What happens when you run this program without any parameters?

Answer 1

If we attempt to run this in a x86 (32-bit) OS, we’re presented with an error message that it is not compatible with this version of windows as it has been compiled for a 64-bit OS.

Lab21-01.exe

Attempting to run this in a 64-bit OS with a tool such as procmon running reveals that it simply exits and doesn’t do anything of interest. A number of events are still shown based on registry keys queried and files loaded, as part of normal process execution, but nothing stands out as interesting.

Lab21-01.exe

Question 2

Depending on your version of IDA Pro, main may not be recognized automatically. How can you identify the call to the main function?

Answer 2

If we open this in IDA Free 7.0 as a standard AMD64 PE file…

Lab21-01.exe

We find that we’re dumped into the main function located at 0x1400010C0.

Lab21-01.exe

If we instead open this in another disassembler which doesn’t identify the main function, in this case we’ll open it in Cutter, if we enable offset visibility in Cutter preferences, we can see we start at 0x140001750.

Lab21-01.exe

To identify the call to our main function we will need to look for a call, likely after any ‘GetCommandLineA’ checks which may be present. If we examine the underlying structure of this PE file using Detect-It-Easy (DIE), we can see it was created in C++.

Lab21-01.exe

If we examine what a main function would look like in C++ using the C++ language reference, we find that it must pass ‘argc’, ‘argv’, and ‘envp’ if it is passing environment variables.

Lab21-01.exe

Due to this we know that any call to the main function would need to take 3 parameters, 2 of these being envp and argv, and another which is an integer. If we continue to examine our disassembly, we only find one call to function 0x1400010C0 which takes 3 parameters.

Lab21-01.exe

In this instance ecx is our integer, because we know it is a 32-bit register being accessed, common amongst integer declarations, and 2 other 64-bit register declarations, RDX, and R8. If we examine this same function in IDA Free 7.0, we can see these have been identified as envp, argv, and argc, in addition to the main function being labelled.

Lab21-01.exe

Question 3

What is being stored on the stack in the instructions from 0x0000000140001150 to 0x0000000140001161?

Answer 3

If we jump to ‘0x140001150’, we can see that some large hexadecimal values are being stored on the stack.

Lab21-01.exe

If we press ‘R’ on these to convert them to an ASCII string, we find the following.

Lab21-01.exe

At first glance it looks like the string ‘.lcoexe’ is being stored on the stack; however, this is because x86 and x64 assembly is little-endian (reversed).

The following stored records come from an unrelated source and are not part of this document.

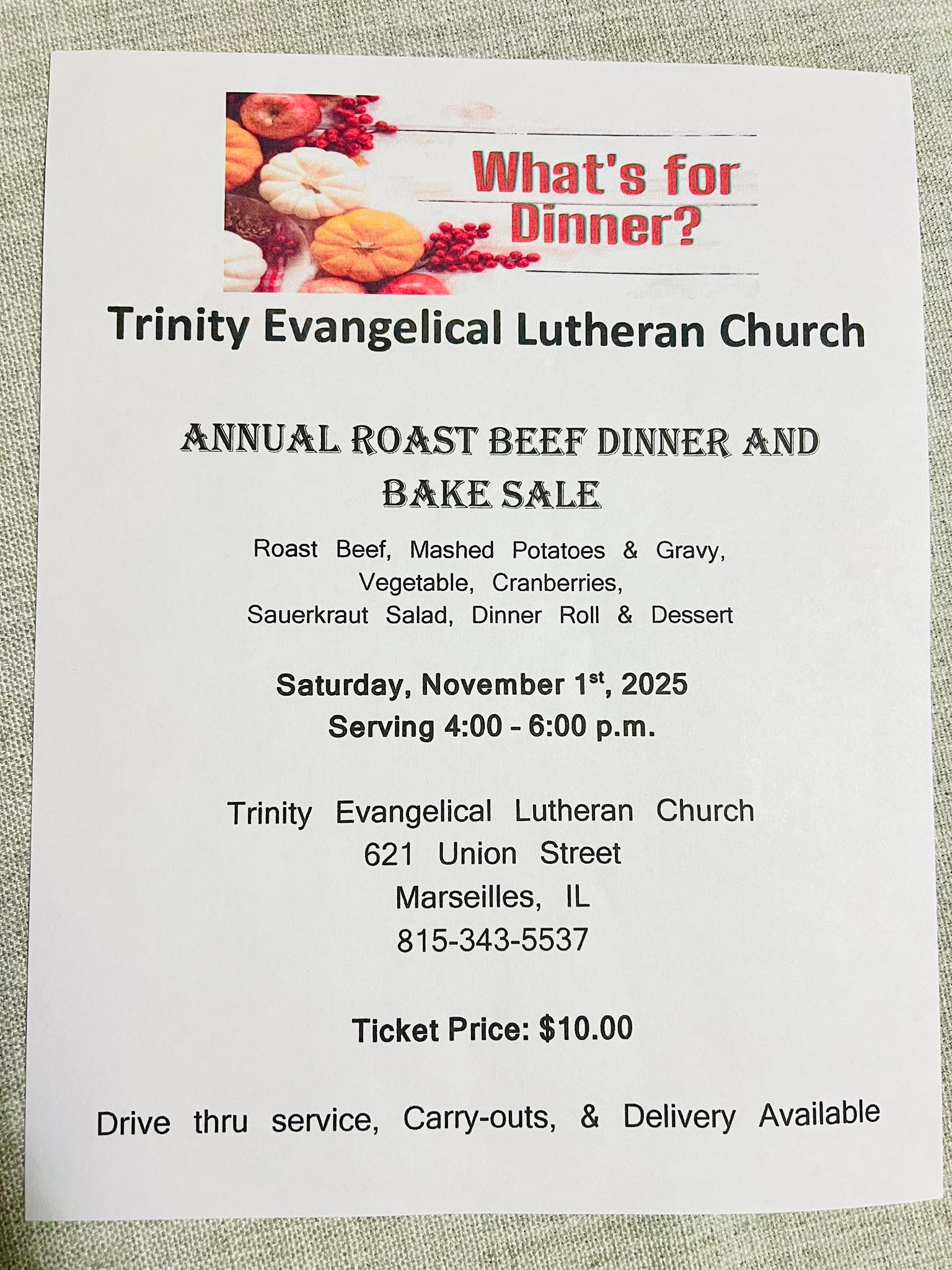 Trinity Lutheran Church Marseilles Annual Roast Beef Dinner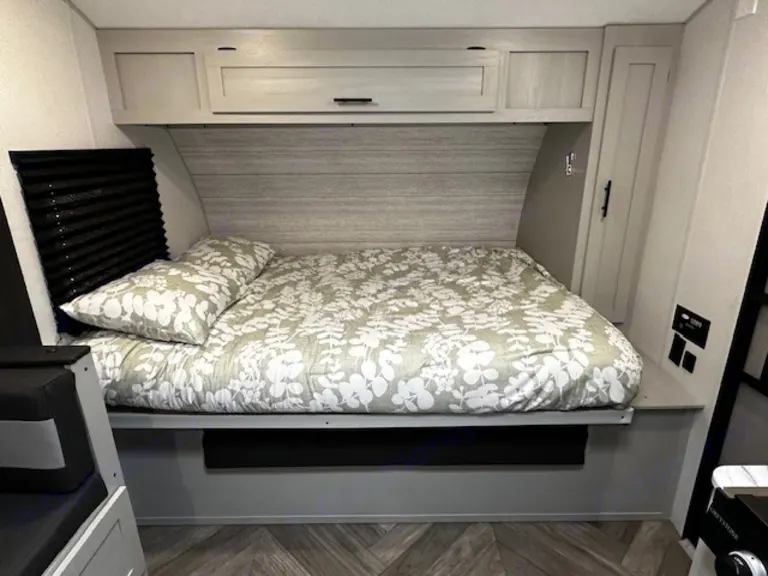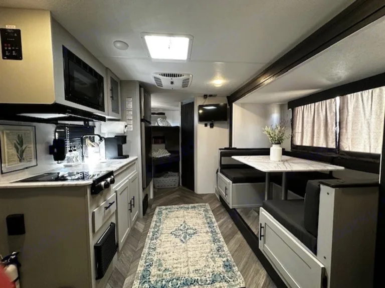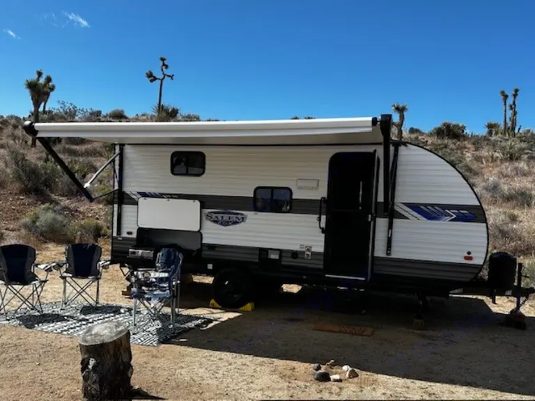 Start camping the right way in this cozy travel trailer! It features a front Murphy bed that has a queen bed to sleep on and a sofa with storage access to sit on during the day. The corner set of double bunk beds comes with storage below the bunks to keep things out of the way and is conveniently located next to the bathroom which has a shower, toilet, and sink. You can prepare your best home-cooked meals indoors with the two-burner cooktop or head to the outside LP griddle to fry up some burgers while breathing in some fresh air. Enjoy your meals, play card games, and even sleep on the U-shaped dinette slide. You will also appreciate the outside shower and the exterior front oversized door for storage access. This cozy travel trailer also has a sound system that can be accessed via Bluetooth or an aux cord. Outside there is LED lighting under the awning for the night and is used for shade during the day. This sweet home away from home is fully stocked with plates, pots, and pans, eating and cooking utensils, a Keurig coffee maker, bedding for all beds, a Hugear Boho Outdoor Plastic Straw Rug 6'x9' Waterproof, and towels for the shower and kitchen. The TV is mounted on the wall in the seating area and is equipped with a DVD player. We have provided some movies and games. ** Unfortunately, we are unable to deliver to Joshua Tree National Park.What's included• The trailer is set up for everything you would need to cook, linens for all of the beds, and towels on request. RecommendationsJoshua Tree Lake RV Campground has all the amenities and is close to JT National Park as well as Joshua Tree Downtown.Hipcamp is a great APP to find awesome and fun campsites that have none or all of the amenities one could want.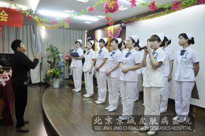5月11日下午16点30分,北京京城皮肤医院护理部举办“庆祝5.12 护士节暨夯实 护理活动月总结大会”,北京京城皮肤医院光疗、病房、过敏原、手术室、治疗室、面膜室、输液大厅等科室的60多名护士,用欢快的歌声和舞蹈庆祝自己的节日。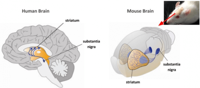 In the image below you can see a comparison between the dopamine neurons (blue) in the substantia nigraof the human brain with the dopamine neurons in the same region of the mouse brain (blue). Both sets of neurons project their branches to the striatum (it doesn’t really need to be said, but these brains are not drawn to scale).

As IDA has interpreted this as a hex value rather than a string, converting it results in backwards values. If we reverse this we find the following string stored on the stack.

ocl.exe

This is the same value we saw in Lab09-02. Given this, it’s possible the program needs to be called ocl.exe in order for it to run correctly.

Question 4

How can you get this program to run its payload without changing the filename of the executable?

Answer 4

If we examine 0x14000120C we can see that a string comparison looks to take place which is likely looking for very specific conditions to be met to allow the malware to run (possibly checking if it is named ocl.exe).

Lab21-01.exe

When this comparison fails, the program makes a jump to 0x14000120E, which then makes a jump past the primary functions of this malware at 0x140001213, to loc_1400013D7.

Lab21-01.exe

One way we can make this program run its payload without changing the filename is to ensure that even after it fails this check, instead of jumping to loc_1400013D7, it flows right into the primary function which triggers the payload.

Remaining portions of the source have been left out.